Zinc production for Q4FY26 was up 5% year-on-year at 227,000 tonnes, while silver production remained largely flat at around 176 tonnes. Lead production decreased by 2% annually to 55,000 tons.
Silver production for the full year stood at around 627 tonnes, below the revised guidance of 680 tonnes, which was earlier reduced from 700-710 tonnes in the second quarter of FY26. Silver and lead production fell as the company prioritized zinc production.
“Earnings should not be viewed negatively as silver production missed guidance. As management has explained, this is largely a result of economic trade-offs within the business. Zinc prices have been strong, in the $3,200-$3,400 range, with the company optimizing its production mix based on what provides the best economic return. So production decisions are driven by profitability rather than volume targets,” said Suman Kumar, metals and mining analyst at brokerage firm Philip Capital.
“On costs, the company benefited from lower input expenses, especially softer domestic coal prices, which helped keep overall costs under control,” Kumar said.
Addressing the production strategy, Mishra said the company’s ore is predominantly rich in zinc, which adds more value to maximizing zinc production at current prices of $3,100 to $3,400 per tonne. However, if silver prices fall to $2,800-$3,000 per tonne and silver remains strong around $60 per ounce, the company could pivot to lead and silver, potentially increasing silver production to over 700 tonnes.
Throughout the year, mining metal production was 1.11 million tons and refined metal production was 1.05 million tons. For FY27, the company has guided for mined metal production of 1.15 million tonnes, refined metal production of 1.10 million tonnes and salable silver production of approximately 680 tonnes.
Company will pay brand and strategic fees for FY27 ₹1,300 crore to parent company Vedanta Ltd, under a deal valid until 2030, broadly in line with last year.
Looking ahead to FY27, the outlook remains positive despite short-term fluctuations in silver prices. Philip Capital analyst Kumar said the fall in silver prices may have some impact, but the overall metals cycle remains fundamentally strong and the company maintains its structural cost advantage.

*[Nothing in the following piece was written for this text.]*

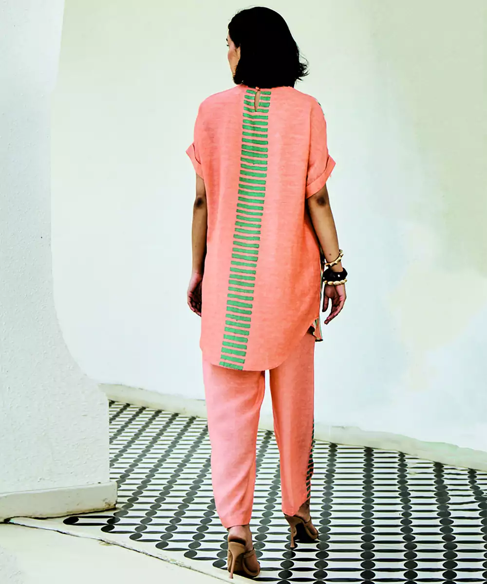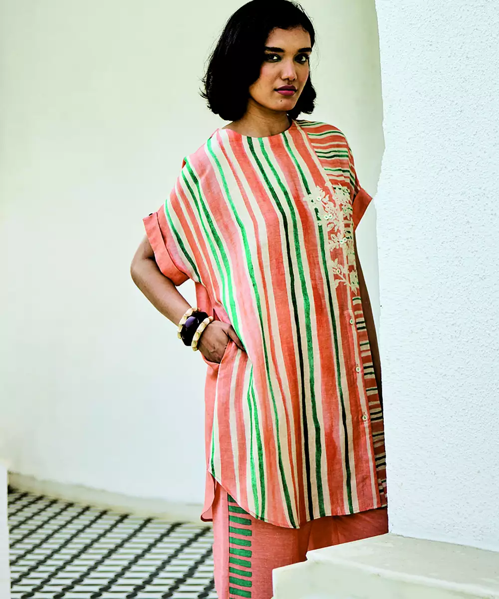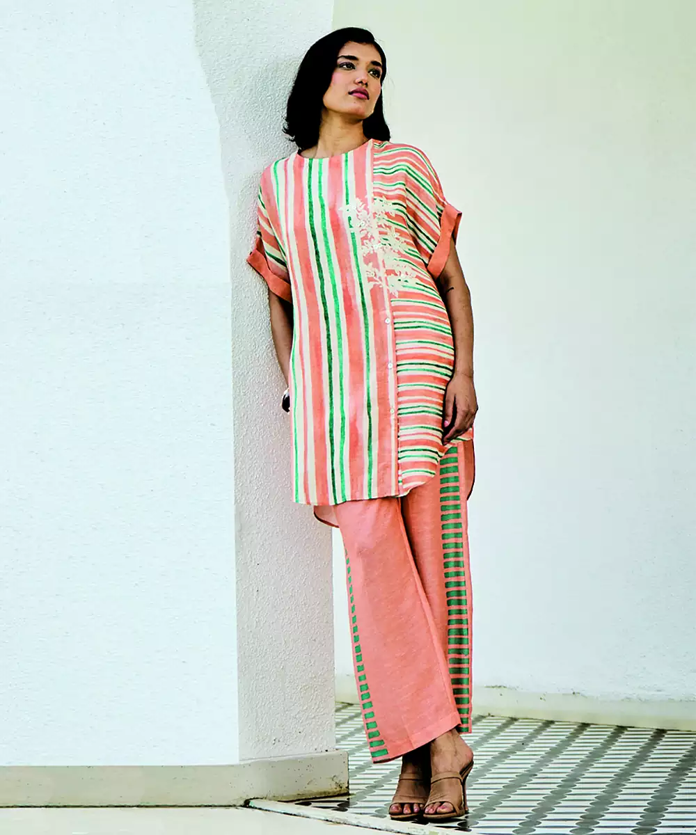 This Peach Linen Kurta Set Showcases Soft Prints That Complement Its Soothing Tone. The Breathable Fabric Ensures Comfort, While The Relaxed Silhouette Enhances Its Appeal. Ideal For Daytime Outings, It Pairs Effortlessly With Subtle Accessories For A Graceful And Stylish Appearance.

“The key factors to watch will be the performance of the fertilizer plant, trends in silver prices and input cost pressures, especially as imported raw materials become more expensive due to geopolitical disruptions,” he said.
The company’s plan to commission a 510,000 tonnes per annum fertilizer plant at Chanderiya was delayed by 12-18 months and is now expected to become operational in the first quarter of FY27. The plant will help improve margins by using sulfuric acid produced as a by-product.
Hindustan Zinc shares closed 0.46% lower on the National Stock Exchange on Friday, compared to a 1.14% decline in the Nifty 50.